**Recorded data:**
[Start of section]
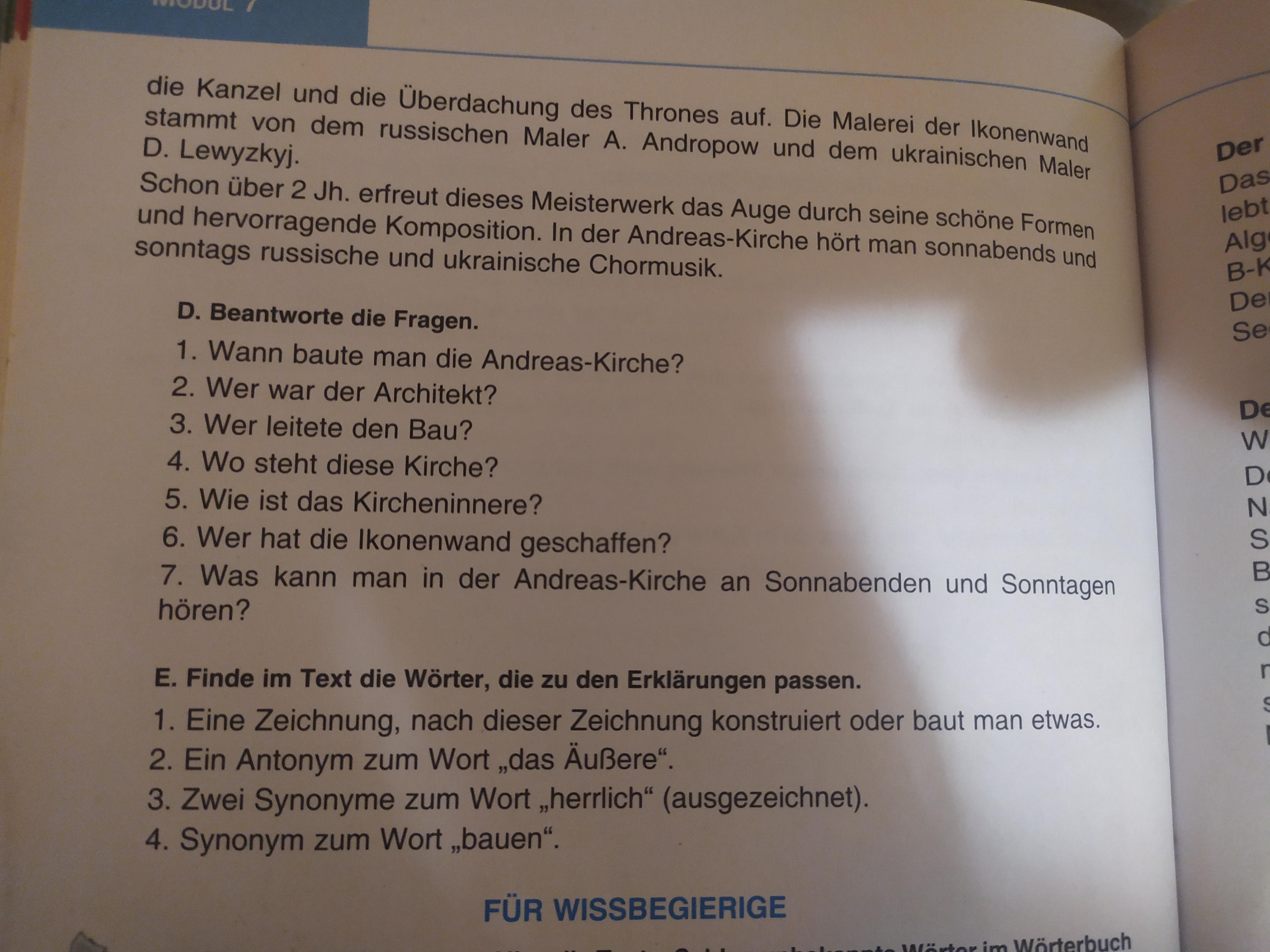 1. Die Andreas-Kirche wurde im Jahre 1744 gebaut.
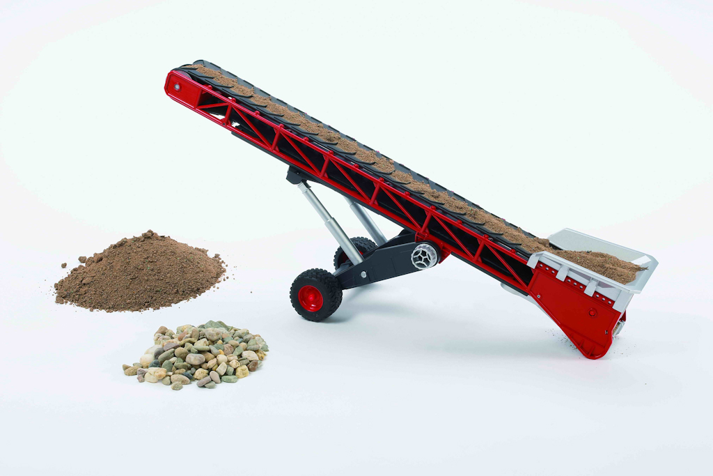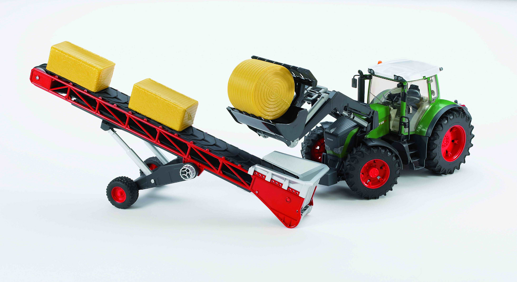 Modellgerecht ist das Förderband mit verschiedenen Funktionen ausgestattet: handbetriebenes (Kurbel) Weichkunststoffband, V-förmiges Gummiband mit realistischen Förderstegen (fördert loses Schüttgut und Ballen), höhenverstellbares Fahrgestell (verstellbare Schütthöhe 11-31 cm). Klappbare Deichsel, passt auf LKW und Traktoren-Kupplungen.
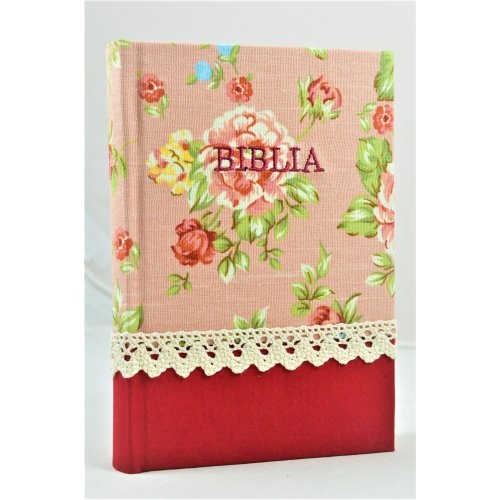 Biblia handmade, marime medie, coperta cartonata textila, model floral rosu, margini aurii [SI 052 HM]
[End of section]
Copy the material above exactly and drop the pictures.

 1. Die Andreas-Kirche wurde im Jahre 1744 gebaut.
 Modellgerecht ist das Förderband mit verschiedenen Funktionen ausgestattet: handbetriebenes (Kurbel) Weichkunststoffband, V-förmiges Gummiband mit realistischen Förderstegen (fördert loses Schüttgut und Ballen), höhenverstellbares Fahrgestell (verstellbare Schütthöhe 11-31 cm). Klappbare Deichsel, passt auf LKW und Traktoren-Kupplungen.
 Biblia handmade, marime medie, coperta cartonata textila, model floral rosu, margini aurii [SI 052 HM]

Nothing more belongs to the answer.